### What the exercise asks
Your answer must be exactly the lines from the one containing "Yellow Gold Bow" through the end of the material, both ends included, without pictures.

### Excerpted records
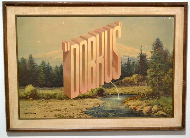 In any case, White's show Dunno at the David Shelton Gallery was pretty much what one expects from a Wayne White exhibit--words and phrases painted more-or-less seamlessly as three-dimensional objects into old mass-produced landscapes.
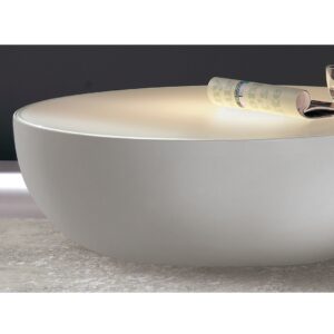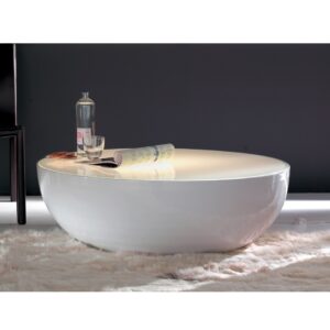 The table top is made in white extra light acid treated glass, which is a very clear glass, with no green tinge, so the white glass will look white, not green/white. A version of this table is also available without the light.
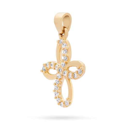 Yellow Gold Bow Cross Pendant With Cubic Zirconia
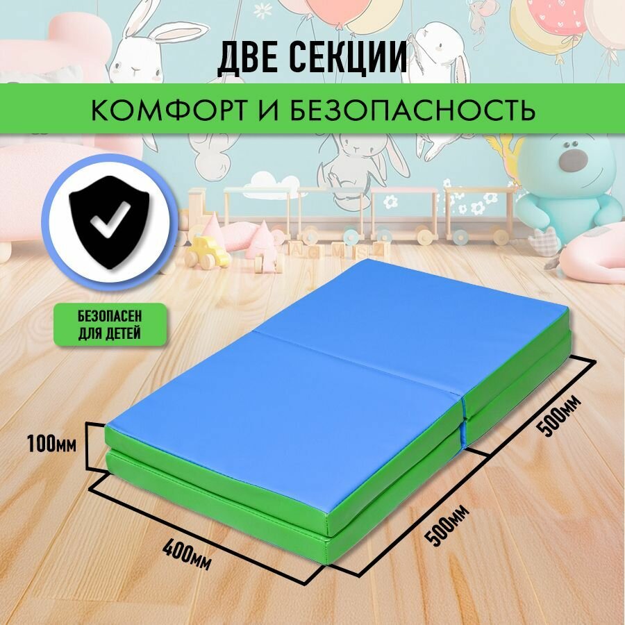Мат спортивный гимнастический 100 х 80 х 5 складной (4 секции) голубой салатовый: сравнение цен, характеристики, фото, актуальное наличие и цены.
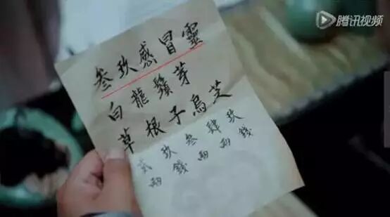 “三九”真是《青云志》的大金主,剧中的一张药方竟然隐藏着三九感冒灵五个繁体字。甚至药方最下角还有999的logo式样,再感人的剧情碰上这个植入也只能哭笑不得了吧……
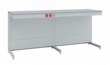 Вид материала столешницы: CPL. Количество встроенных розеток: 2 шт. Наличие автомата аварийного отключения тока. Тип каркаса: металлический. Декоративные панели выполнены из листовой стали. Опоры регулируемые.
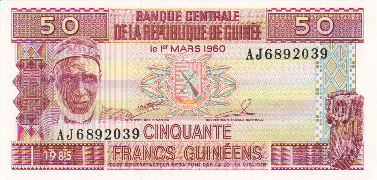 Guinea 50 Francs, 198529a50 Francs1985UNC£4.00

### Written response
 Yellow Gold Bow Cross Pendant With Cubic Zirconia
Мат спортивный гимнастический 100 х 80 х 5 складной (4 секции) голубой салатовый: сравнение цен, характеристики, фото, актуальное наличие и цены.
 “三九”真是《青云志》的大金主,剧中的一张药方竟然隐藏着三九感冒灵五个繁体字。甚至药方最下角还有999的logo式样,再感人的剧情碰上这个植入也只能哭笑不得了吧……
 Вид материала столешницы: CPL. Количество встроенных розеток: 2 шт. Наличие автомата аварийного отключения тока. Тип каркаса: металлический. Декоративные панели выполнены из листовой стали. Опоры регулируемые.
 Guinea 50 Francs, 198529a50 Francs1985UNC£4.00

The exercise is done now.